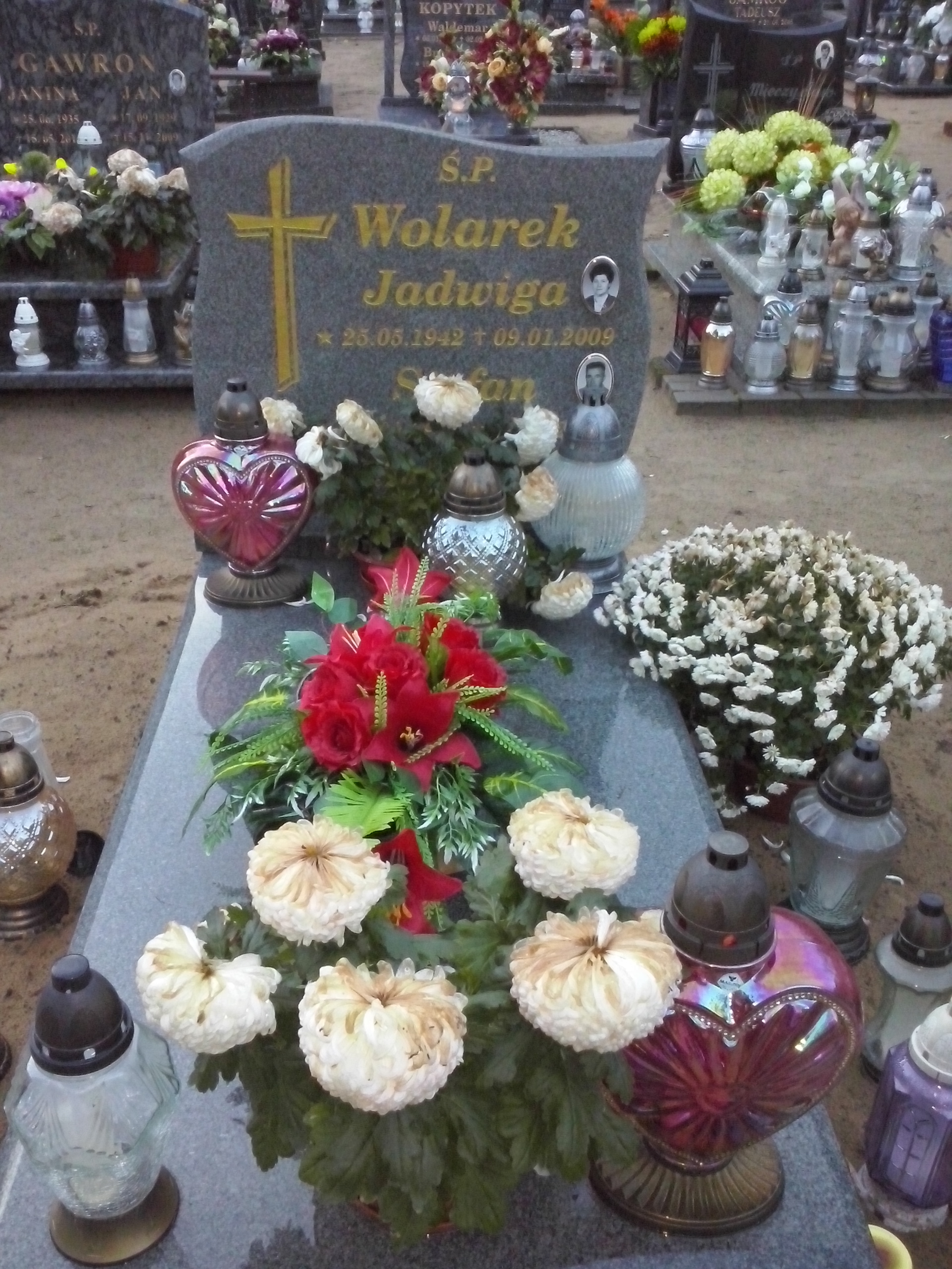 Grób: I,I,9i10 Wolarek Jadwiga Kazimiera ur.:1942-05-25 zm.:2009-01-09 Wolarek Stefan ur.:1934-03-17 zm.:2017-02-27 |
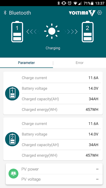 A tool for connecting solar controller or DC-DC battery charger. Send the operating parameters of the device to the app through the Bluetooth Dongle, which can quickly read the operating parameters of the device and record the historical data of the device
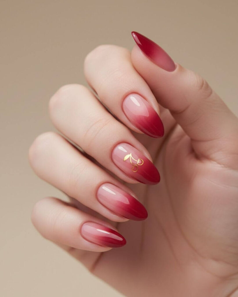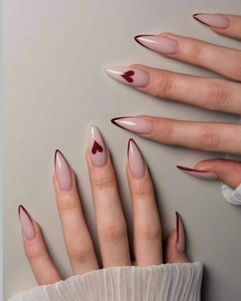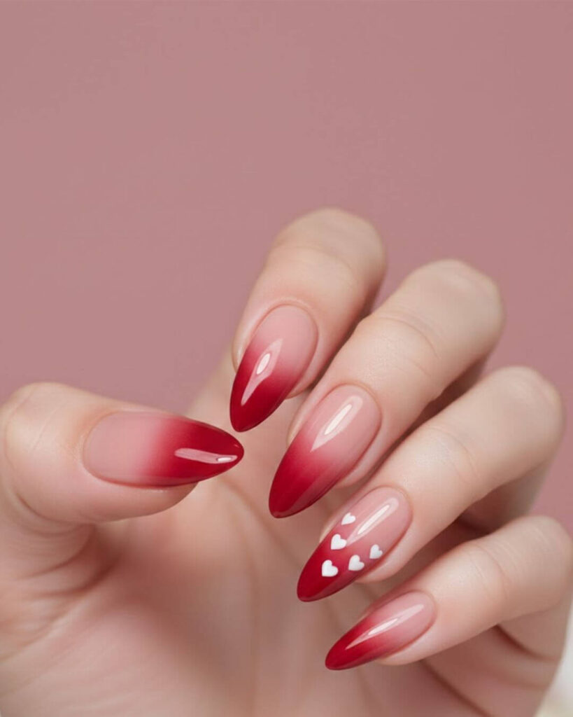 The Red Ombre Nail look feels soft, romantic and a little romantic in the best way. The smooth fade from nude deep red looks effortless, while the tiny white heart details add a sweet and personal touch. These almond red nails are perfect if you want something modern but still wearable.

Task objective:
Beginning with the line that contains "A tool for connecting", repeat every remaining line of the data exactly, the last line included, and omit pictures.

Solution to this exercise:
 A tool for connecting solar controller or DC-DC battery charger. Send the operating parameters of the device to the app through the Bluetooth Dongle, which can quickly read the operating parameters of the device and record the historical data of the device
 The Red Ombre Nail look feels soft, romantic and a little romantic in the best way. The smooth fade from nude deep red looks effortless, while the tiny white heart details add a sweet and personal touch. These almond red nails are perfect if you want something modern but still wearable.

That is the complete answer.